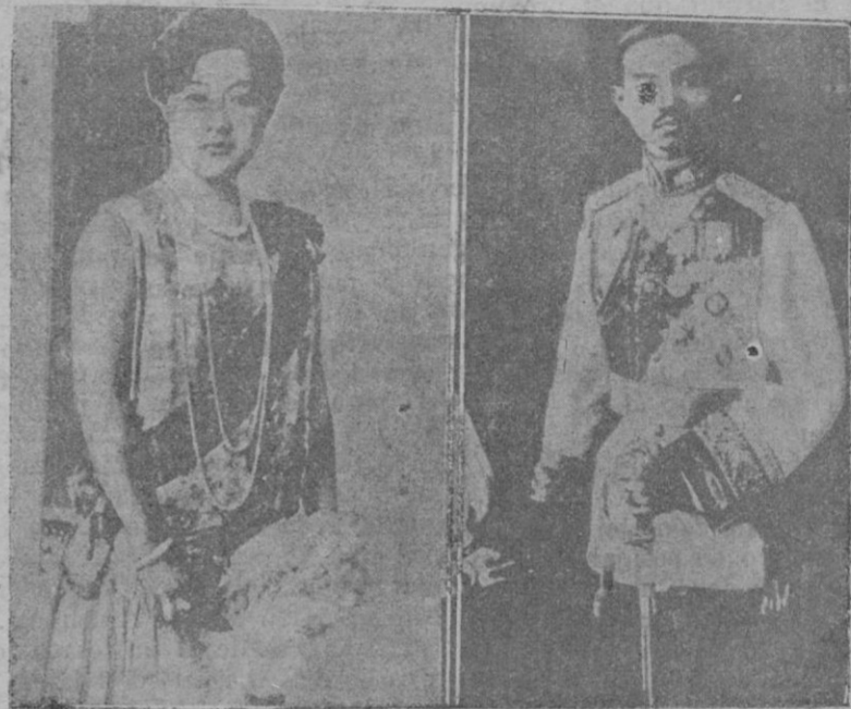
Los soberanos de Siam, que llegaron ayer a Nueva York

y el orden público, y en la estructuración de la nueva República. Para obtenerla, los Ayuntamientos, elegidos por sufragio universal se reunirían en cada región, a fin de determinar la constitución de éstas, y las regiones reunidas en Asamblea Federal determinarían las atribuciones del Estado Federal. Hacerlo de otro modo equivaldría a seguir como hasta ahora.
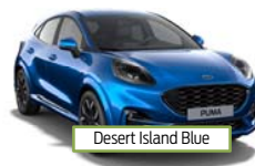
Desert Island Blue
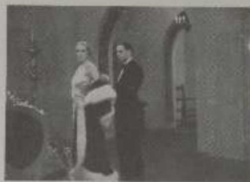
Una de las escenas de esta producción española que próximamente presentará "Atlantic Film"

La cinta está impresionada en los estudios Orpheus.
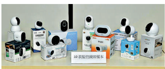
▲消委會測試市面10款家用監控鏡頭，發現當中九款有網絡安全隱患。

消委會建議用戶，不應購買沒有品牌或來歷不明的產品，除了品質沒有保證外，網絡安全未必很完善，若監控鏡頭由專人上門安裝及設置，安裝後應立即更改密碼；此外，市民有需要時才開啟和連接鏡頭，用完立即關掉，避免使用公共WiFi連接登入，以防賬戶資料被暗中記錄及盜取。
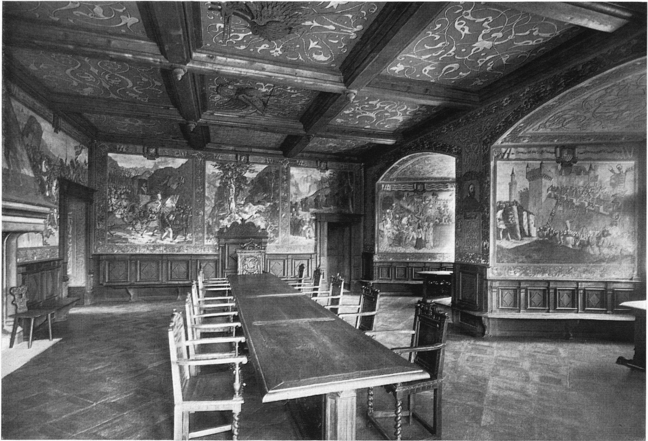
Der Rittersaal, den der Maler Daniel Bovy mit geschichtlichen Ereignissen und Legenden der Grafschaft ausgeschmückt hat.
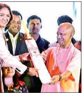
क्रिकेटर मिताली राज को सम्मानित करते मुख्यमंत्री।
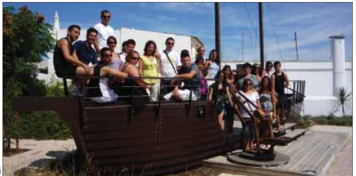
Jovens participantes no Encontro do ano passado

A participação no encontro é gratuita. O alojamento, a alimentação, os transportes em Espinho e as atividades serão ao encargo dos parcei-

- [Problem statement] Every line above goes into the copy unchanged; the pictures do not.

- [Response]
Los soberanos de Siam, que llegaron ayer a Nueva York

y el orden público, y en la estructuración de la nueva República. Para obtenerla, los Ayuntamientos, elegidos por sufragio universal se reunirían en cada región, a fin de determinar la constitución de éstas, y las regiones reunidas en Asamblea Federal determinarían las atribuciones del Estado Federal. Hacerlo de otro modo equivaldría a seguir como hasta ahora.
Desert Island Blue
Una de las escenas de esta producción española que próximamente presentará "Atlantic Film"

La cinta está impresionada en los estudios Orpheus.
▲消委會測試市面10款家用監控鏡頭，發現當中九款有網絡安全隱患。

消委會建議用戶，不應購買沒有品牌或來歷不明的產品，除了品質沒有保證外，網絡安全未必很完善，若監控鏡頭由專人上門安裝及設置，安裝後應立即更改密碼；此外，市民有需要時才開啟和連接鏡頭，用完立即關掉，避免使用公共WiFi連接登入，以防賬戶資料被暗中記錄及盜取。
Der Rittersaal, den der Maler Daniel Bovy mit geschichtlichen Ereignissen und Legenden der Grafschaft ausgeschmückt hat.
क्रिकेटर मिताली राज को सम्मानित करते मुख्यमंत्री।
Jovens participantes no Encontro do ano passado

A participação no encontro é gratuita. O alojamento, a alimentação, os transportes em Espinho e as atividades serão ao encargo dos parcei-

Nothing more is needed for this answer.